Personal information
- Born: 23 June 1990 (age 36) Leipzig, Germany
- Spouse: Nikolas Lubbe ​(m. 2015)​

Chess career
- Country: Germany
- Title: Woman Grandmaster (2012)
- FIDE rating: 2297 (December 2021)
- Peak rating: 2387 (March 2012)

= Melanie Lubbe =

German chess player (born 1990)

Melanie Lubbe ( Ohme, born 23 June 1990) is a German chess player who holds the FIDE title of Woman Grandmaster (WGM, 2012).

==Biography==

Lubbe was the eldest of six siblings. She learned playing chess at the age of four from her parents.
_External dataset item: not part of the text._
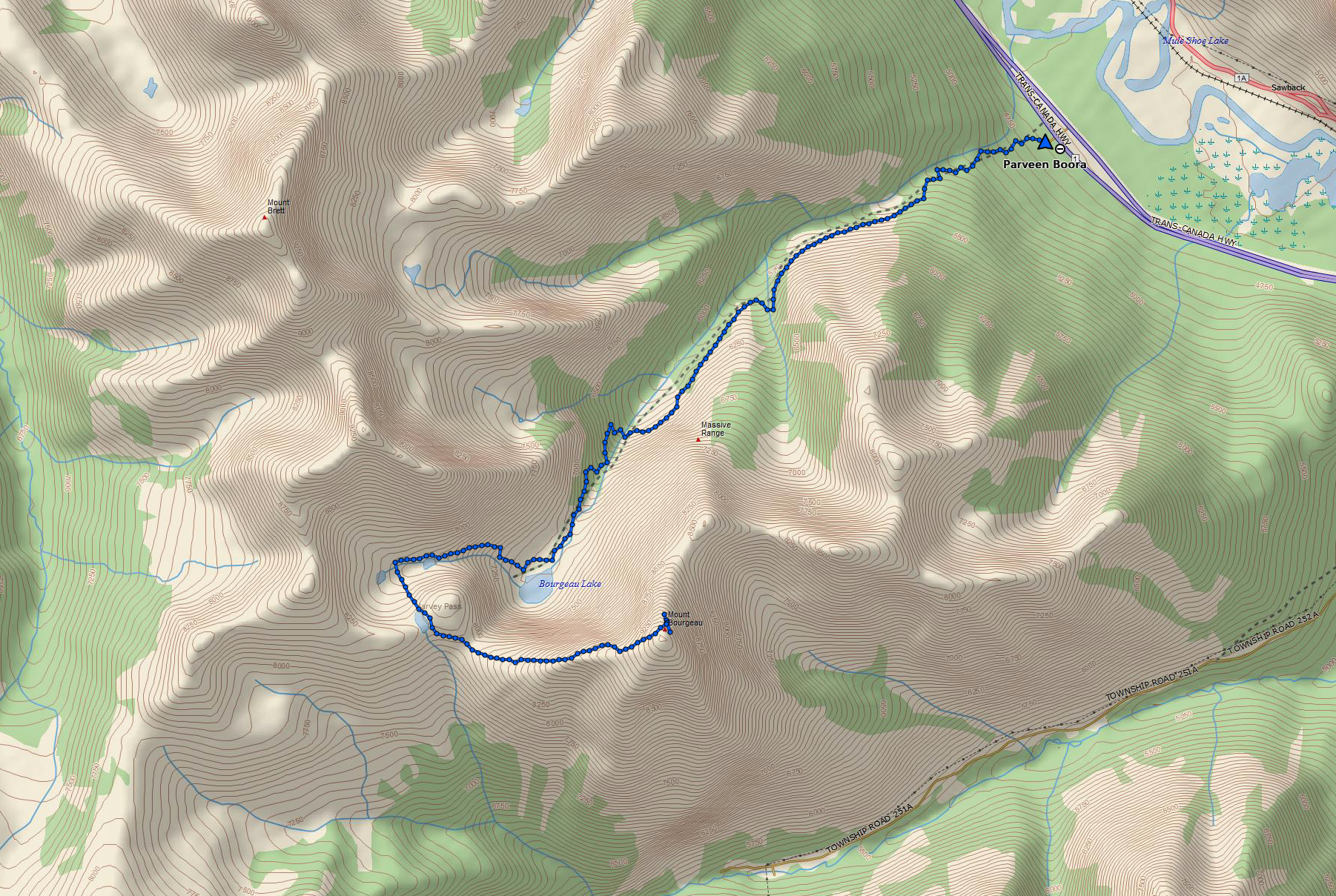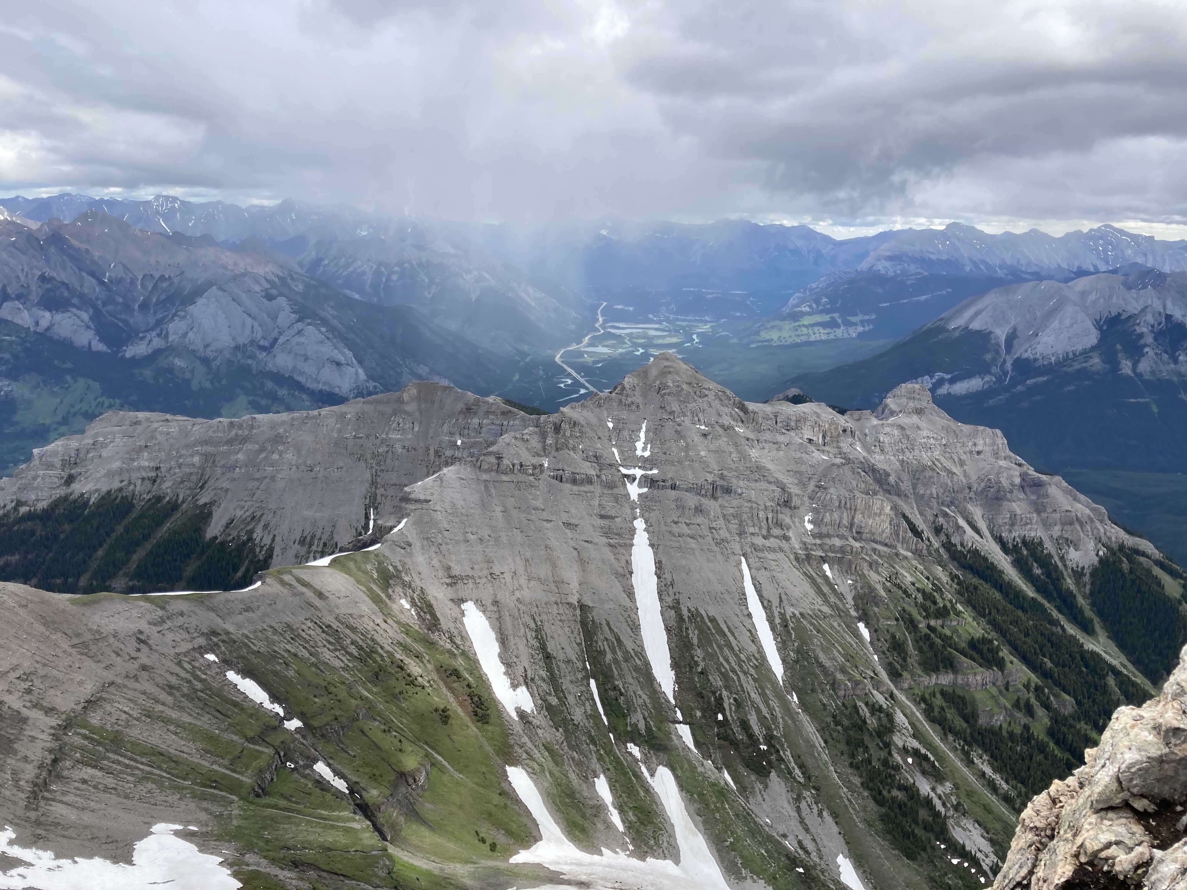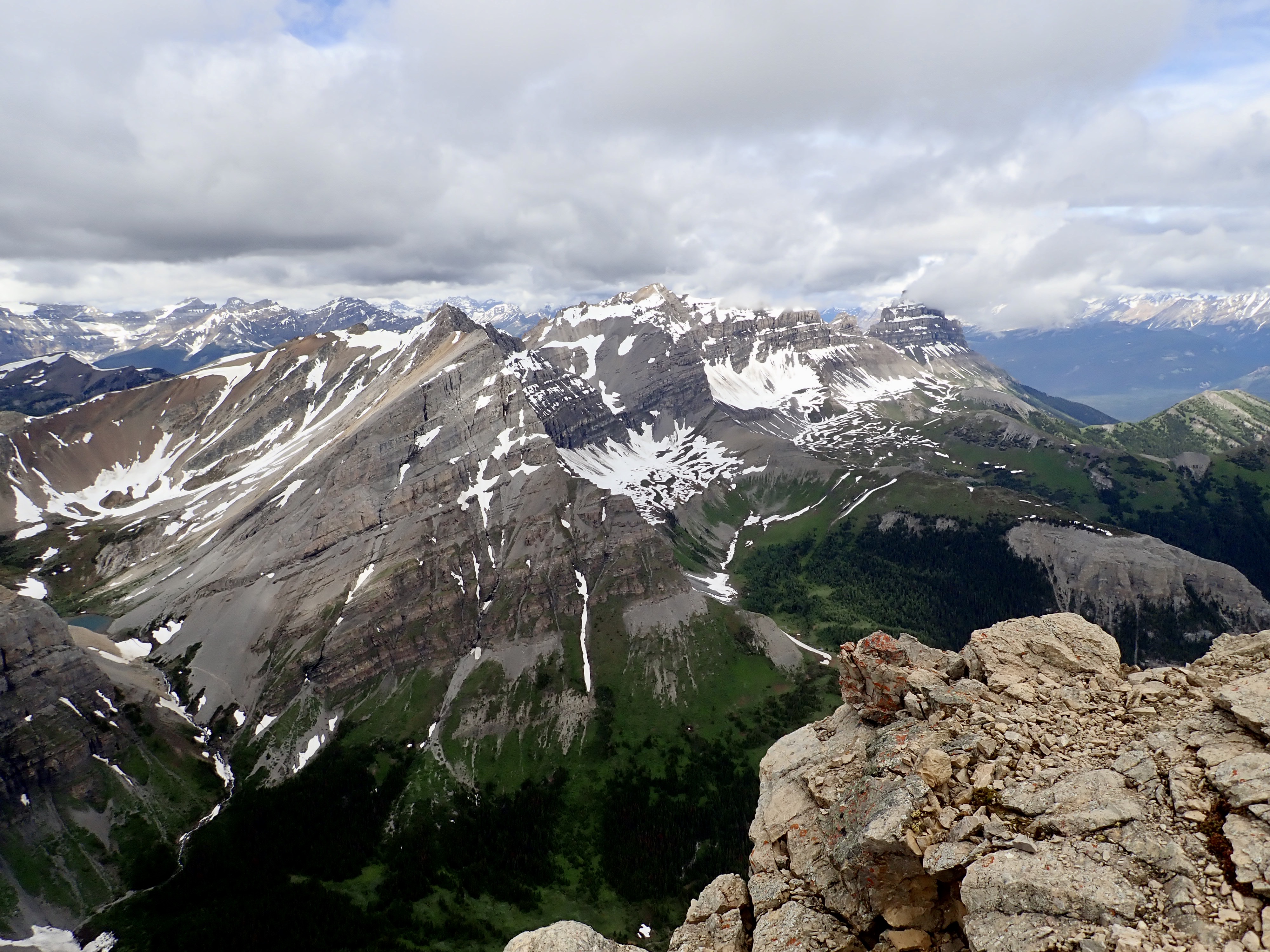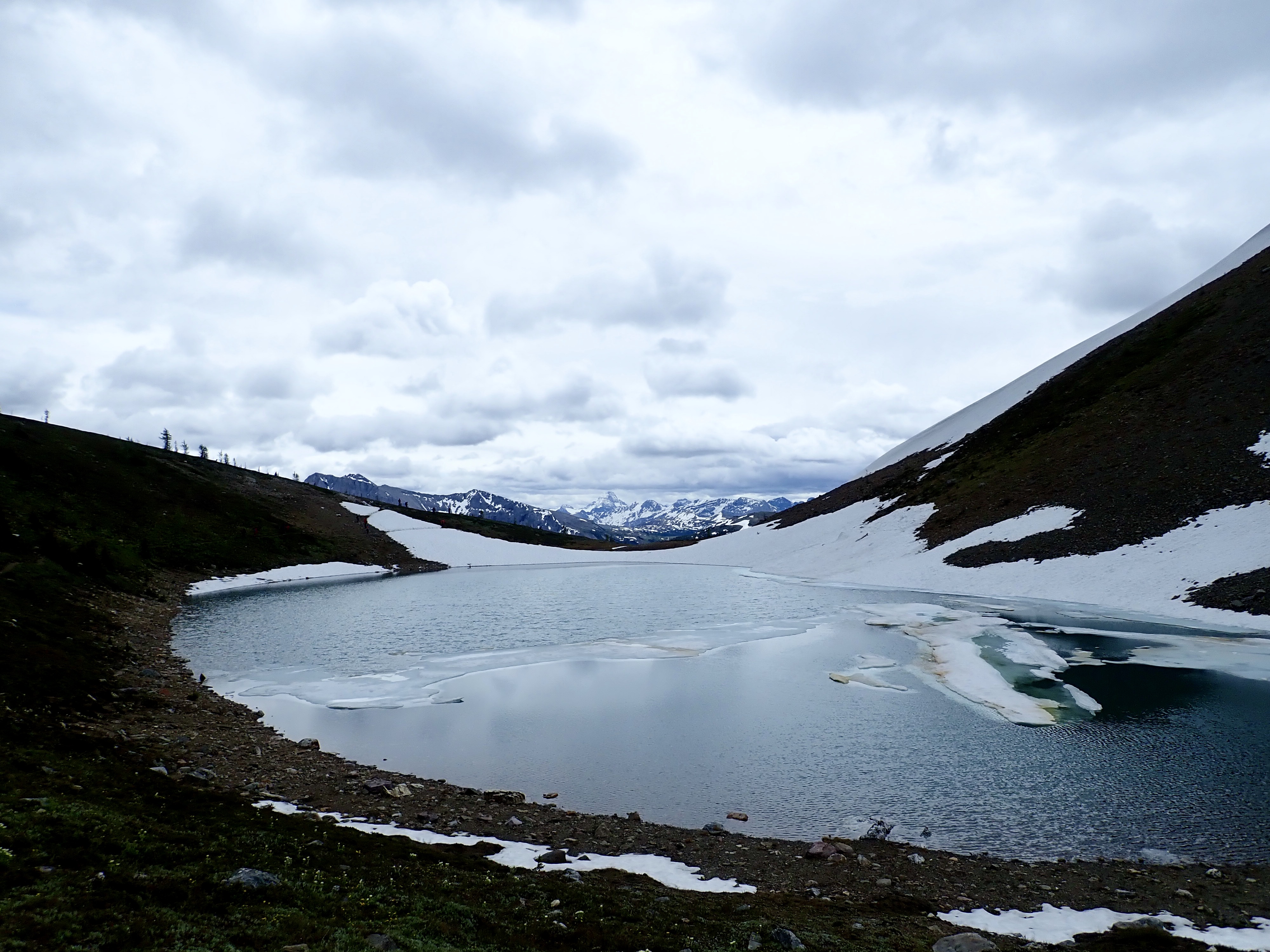 Route overview, looking east. Harvey Lake in Harvey Pass is bottom-centre.Mount Bourgeau as seen from my hotel.Early morning starts are the best.A little further along the trail, looking back.The second creek crossing, below a cascade descending from Lake Bourgeau’s basin. The flow was pretty brisk, and the water was actually fairly deep. Hiking poles were very handy here.Nearly to the lake. Mount Bourgeau’s cliffs are straight ahead. The way to Harvey Pass is the notch on the right.Lake Bourgeau.One of the many little waterfalls among the cliffs.Lots of marmots can be seen in the rocks around the lake.Past the lake now, climbing to the next hanging valley.A look back down toward the lake, and Mount Bougeau’s summit.After the initial climb, the trail goes past this little lake and you can see it continuing up the low headwall beyond.At the top of the headwall, looking southeast where the trail continues up to Harvey Pass. Several little streams trickled around in this meadow from little ponds and tarns.Looking north from the same spot. A little creek was running down from yet another distinct level of the valley. There wasn’t any standing water up there, just rocky ground with runoff going under it.Looking back at the meadow from where the trail starts the final ascent to Harvey Pass.Harvey Lake and Harvey Pass. Mount Assiniboine in the distance. The natural framing of the scenery is uncanny. I took this shot as I descended. When I was ascending, the clouds obscured Assiniboine and I was completely oblivious that it was out there.Telephoto shot of Mount Assiniboine.Harvey Pass panorama.Telephoto shot of a peak in the distance. The wind was blowing right to left, and clouds were being generated along the ridge, drifting continuously away and obscuring Mount Assiniboine (the bottom part of which is visible to the left).From Harvey Pass to the summit, the way is obvious. There’s a boot-beaten trail that’s visible the whole way up. Aside from a couple of rubbly areas it’s just a steep hike. It was roughly 50 minutes from here to the summit, moving briskly.Some cornices along the way. Looking to the right during the climb – buildings and ski runs of the Sunshine Village ski area are visible.This mountain adventure is brought to you by Superior Propane.The summit marker. The deceptively inviting snow beyond it is a giant cornice.I traversed over a bit and looked back. See? Cornice.A short distance left of the summit marker, I found a rocky perch that allowed a view all the way back down to the lake, the trail, the meadow and the pass.A narrower view. The big peaks in the distance are part of the continental divide. The Stanley Glacier trail, where I’d been the day before, would be on the opposite slopes.Telephoto view of the trail ascending to the first little lake and beyond.Black Brett and Mount Brett.Summit panorama looking west.The northeast spur of Mount Bourgeau. Rain is falling in the valley beyond. The Banff townsite is in the distance.Looking east across the Bow Valley.The clouds very stubbornly wouldn’t move off Assiniboine while I was on the summit, but I could get a good feel for the smaller peaks surrounding the 3618 m monster.Another panorama looking west as I descended.Yet another panorama on the descent. The clouds thinned somewhat. Assiniboine is mostly visible in the far background on the left. The bigger peak in the background at centre-right is (I think) The Monarch. Sunshine Village is across the valley.Great snow and rock scenery.The clouds shifted again. Time for another panorama.Almost back down to the pass, peeking over the edge at the trail ascending to the 2nd set of lakes.A last look at the summit at day’s end. There’s a speck visible against the white sky almost dead centre (click and you get a full-res image you can zoom in on) – a gentleman who I passed on my way down. I had quite lovely solitude, which is unusual for this trail. The crowds are about 45 minutes behind him.

She won German Girls' Championships in the under-14 age group (2003), under-16 age group (2005) and under-18 age group.

Melanie Lubbe played for Germany in Women's Chess Olympiads:
- In 2008, at fourth board in the 38th Chess Olympiad (women) in Dresden (+6, =0, -3),
- In 2010, at fourth board in the 39th Chess Olympiad (women) in Khanty-Mansiysk (+4, =3, -2),
- In 2012, at third board in the 40th Chess Olympiad (women) in Istanbul (+4, =1, -4),
- In 2014, at fourth board in the 41st Chess Olympiad (women) in Tromsø (+6, =1, -2),
- In 2016, at fourth board in the 42nd Chess Olympiad (women) in Baku (+3, =0, -4).

Lubbe played for Germany in the World Women's Team Chess Championship:
- In 2007, at second board in the 1st Women's World Team Chess Championship 2007 in Yekaterinburg (+2, =3, -2).

Lubbe played for Germany in European Team Chess Championships:
- In 2007, at fourth board in the 7th European Team Chess Championship (women) in Heraklion (+5, =1, -2),
- In 2009, at third board in the 8th European Team Chess Championship (women) in Novi Sad (+3, =1, -3),
- In 2011, at reserve board in the 9th European Team Chess Championship (women) in Porto Carras (+5, =3, -0) and won individual silver medal,
- In 2015, at fourth board in the 11th European Team Chess Championship (women) in Reykjavík (+3, =4, -1).

In 2009 she was awarded the FIDE Woman International Master (WIM) title and in 2012 the Woman Grandmaster (WGM) title.

Lubbe studied psychology from 2010 to 2013 at the University of Mannheim and graduated with a bachelor's degree. Since February 2015 she works as a personnel consultant in Braunschweig.

Also since 2015, Lubbe has been married to grandmaster Nikolas Lubbe.